Google has introduced Google TV, the first non-mobile application of its Android operating system.
The platform lets people watch television shows alongside internet video, overlaying live video with the user interface on a standard domestic TV screen. It also provides a way of running applications and interacting with the internet using a standard browser, using wireless keyboards and mice as input devices
Google TV was unveiled at the
Google I/O developer conference in San Francisco on Thursday, with partners Intel, Adobe, Sony and Logitech all taking part in the announcement.
Televisions, Blu-ray players and set-top boxes with Google TV technology built in will go on sale in the US in autumn, Google said in a
blog post.
Asked about availability in Britain, a spokesperson for the company was more circumspect. "As usual, we expect to make Google TV available in due course in other countries, but our plans currently only extend to the US," the spokesperson told ZDNet UK.
Running Android 2.1 and the
Chrome browser, Google TV includes search across TV schedules and the web, programme planning and the ability to download apps from the Android Market store.
Google said that the Google TV software development kit (SDK) and web APIs for TV will be released "soon after launch" so that developers can create and distribute apps via the Android storefront. The source code for the platform will be made available to all in the summer of 2011, the company told ZDNet UK.

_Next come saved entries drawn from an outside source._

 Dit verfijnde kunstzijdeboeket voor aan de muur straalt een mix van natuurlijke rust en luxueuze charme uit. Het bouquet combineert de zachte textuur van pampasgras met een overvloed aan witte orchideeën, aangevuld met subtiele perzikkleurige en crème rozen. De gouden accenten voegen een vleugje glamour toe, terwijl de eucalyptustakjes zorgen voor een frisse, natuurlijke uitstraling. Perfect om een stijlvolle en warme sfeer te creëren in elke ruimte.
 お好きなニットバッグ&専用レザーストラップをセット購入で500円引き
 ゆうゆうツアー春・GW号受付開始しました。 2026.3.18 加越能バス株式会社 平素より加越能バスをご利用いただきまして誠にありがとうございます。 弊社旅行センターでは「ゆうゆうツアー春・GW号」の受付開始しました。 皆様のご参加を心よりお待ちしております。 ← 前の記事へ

Google, Sony and Intel have
previously been linked to a potential TV project. Samsung has also said it is
looking at "a Google TV", but the hardware maker was not represented at the I/O conference.

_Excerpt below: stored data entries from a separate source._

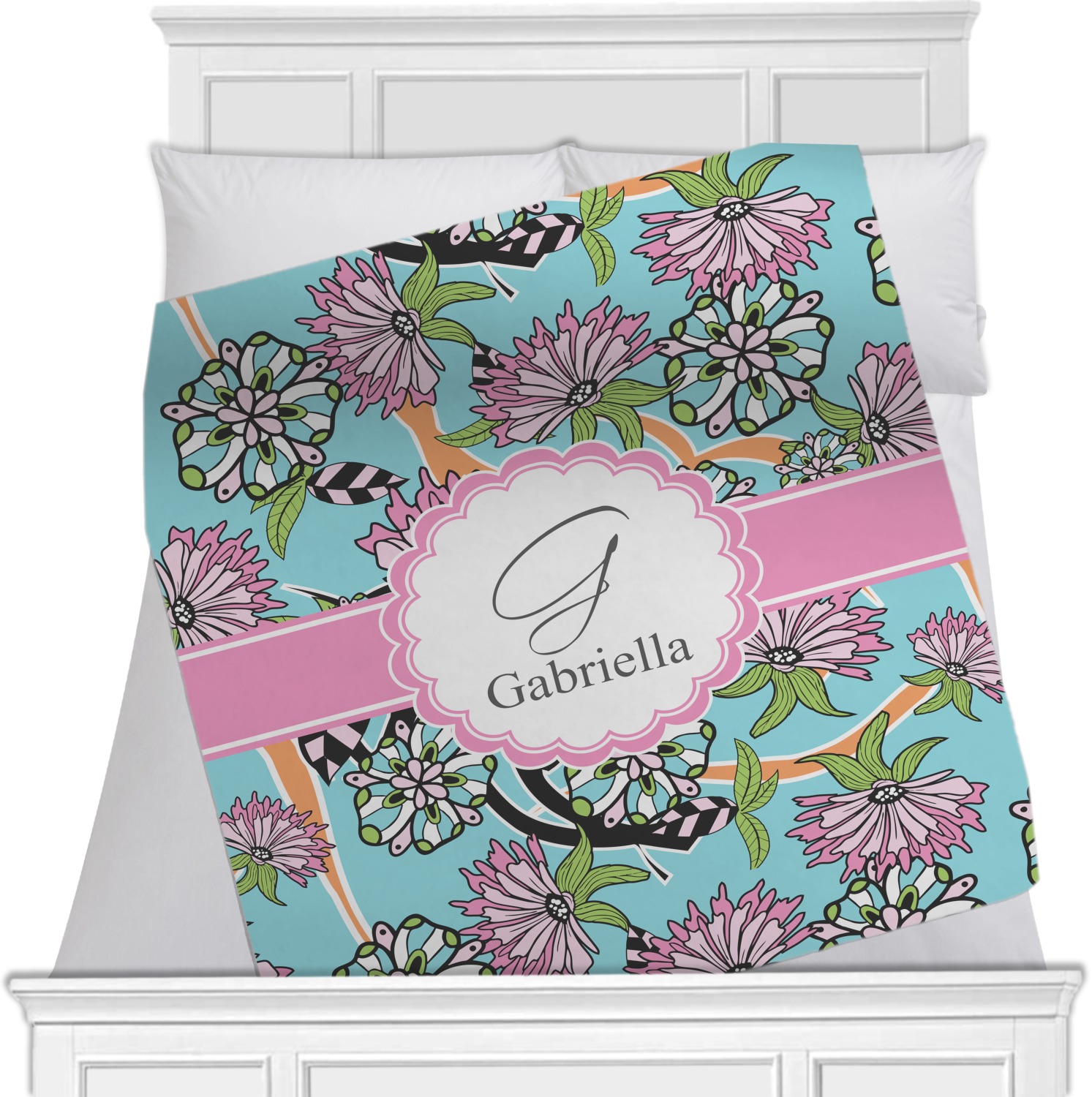 The flowers in this design are colored in two different shades of pink, lime green, and sky blue and are trimmed in black to make them pop out up against a sky blue background. The design has a classic ribbon in light pink trimmed in white. The decorative scalloped label is in white and trimmed in the light pink and white. Add an initial and a name for that personal touch to pull the entire design together.
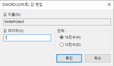 ์ด๋ฆ์ WriteProtect๋ก ์ค์ ํ ๊ฐ ๋ฐ์ดํฐ๋ฅผ 1๋ก ์ง์ ํด์ค๋ค.๊ฐ์ด 1์ผ ๊ฒฝ์ฐ ์ฐ๊ธฐ๋ฐฉ์ง ์ค์
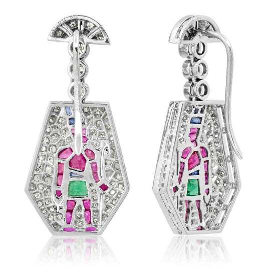 Diamond Egyptian Pharaoh Ankh Platinum Earrings Multi Gemstones Certified Natural
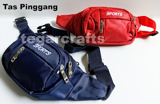 Waist Bag merah dan biru, Size: Panjang 20cm Tinggi: 12cm Tebal: 5cm
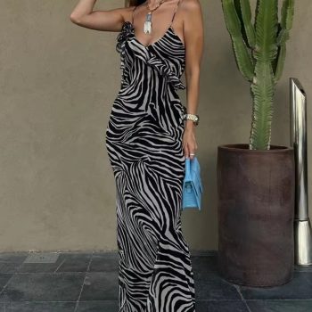 Fleepmart autumn new women’s fashionable slim fit long ruffle animal print backless suspender dress
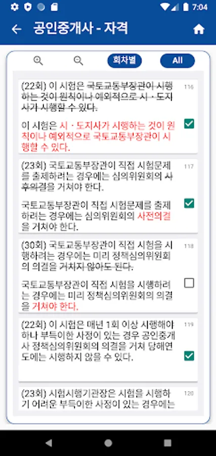 You can only check if you really memorized it correctly or if it feels like you memorized it only by solving the problem. The correct text is written as it is in the original text, and the wrong text is marked with an indication of where and how it was wrong, so it is important to understand and memorize the concept, where to focus on studying, and what pitfalls the examiner should place when preparing questions. You can see at a glance whether you are selling. You can also check the score status by topic, so you can check how much you have memorized, and you can check the passages you have memorized less and the passages you need to focus on, and there is a function to collect and solve only the checked questions. Learn iteratively until
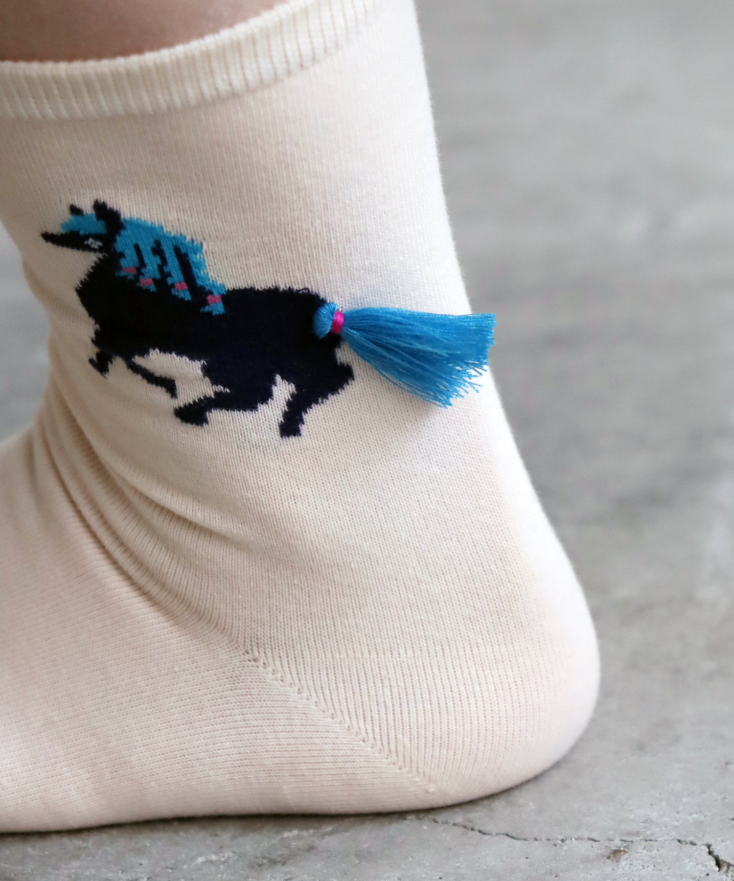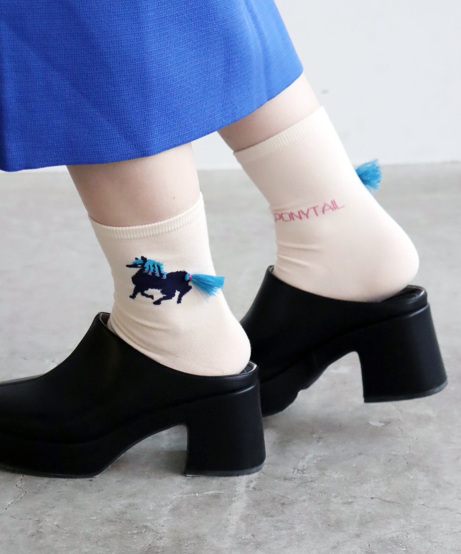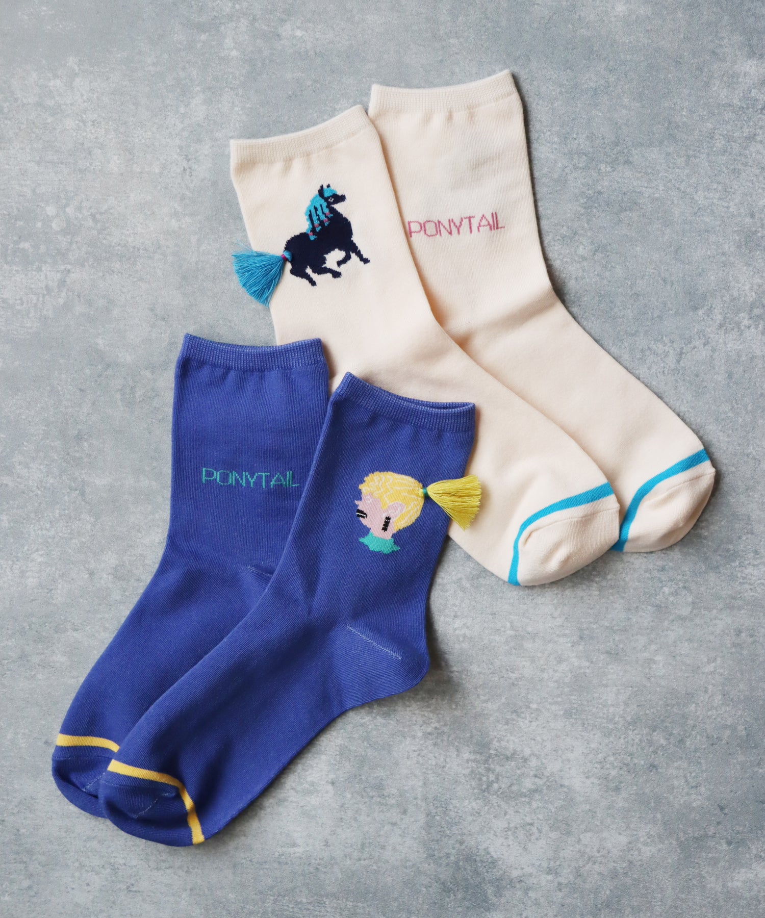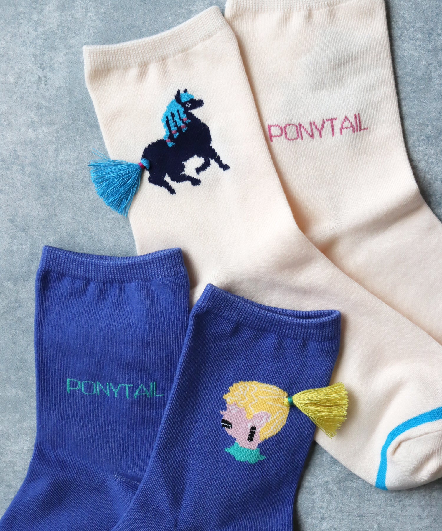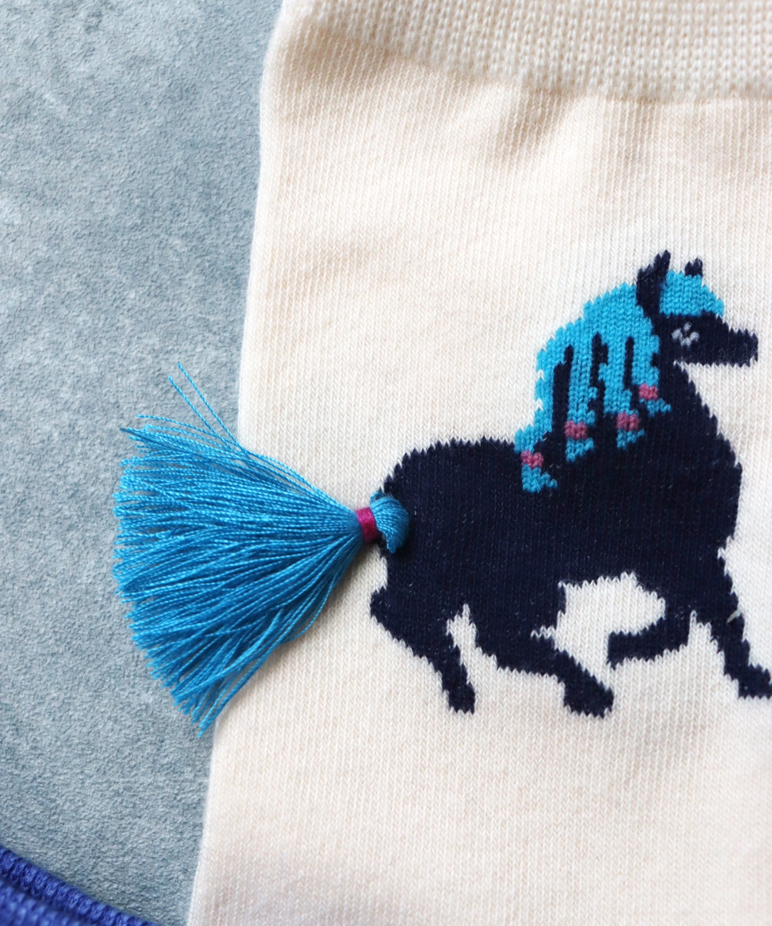 女の子の髪型のポニーテールと、馬のしっぽのポニーテール、タッセルになって足もとでゆらり。遊び心あふれるソックスできました。

Sony will produce the first complete Google TV, while Logitech is set to build a set-top box to plug into existing TVs. Logitech also plans to produce an HDTV camera for video chat on Google TV, as well as remote control software for smartphones.
The Sony and Logitech products are both based on
Intel's CE4100 Atom SoC processor. The chip combines an Atom core with 3D and HD video accelerators, encryption and security, and various forms of audio and video I/O. It has hardware support for H.264 video decoding, among
other codecs. However, it does not directly support VP8, the video component of
Google's own WebM media standard. Likewise, it has hardware for digital audio in MP3, AAC and WMA formats but not in Theora, WebM's audio codec.
Sony's TV will be available in the US towards the end of the year, where Logitech's box is "expected in autumn 2010", according to a Logitech spokesperson. "We will start to see developments in the UK from 2011," the spokesperson told ZDNet UK.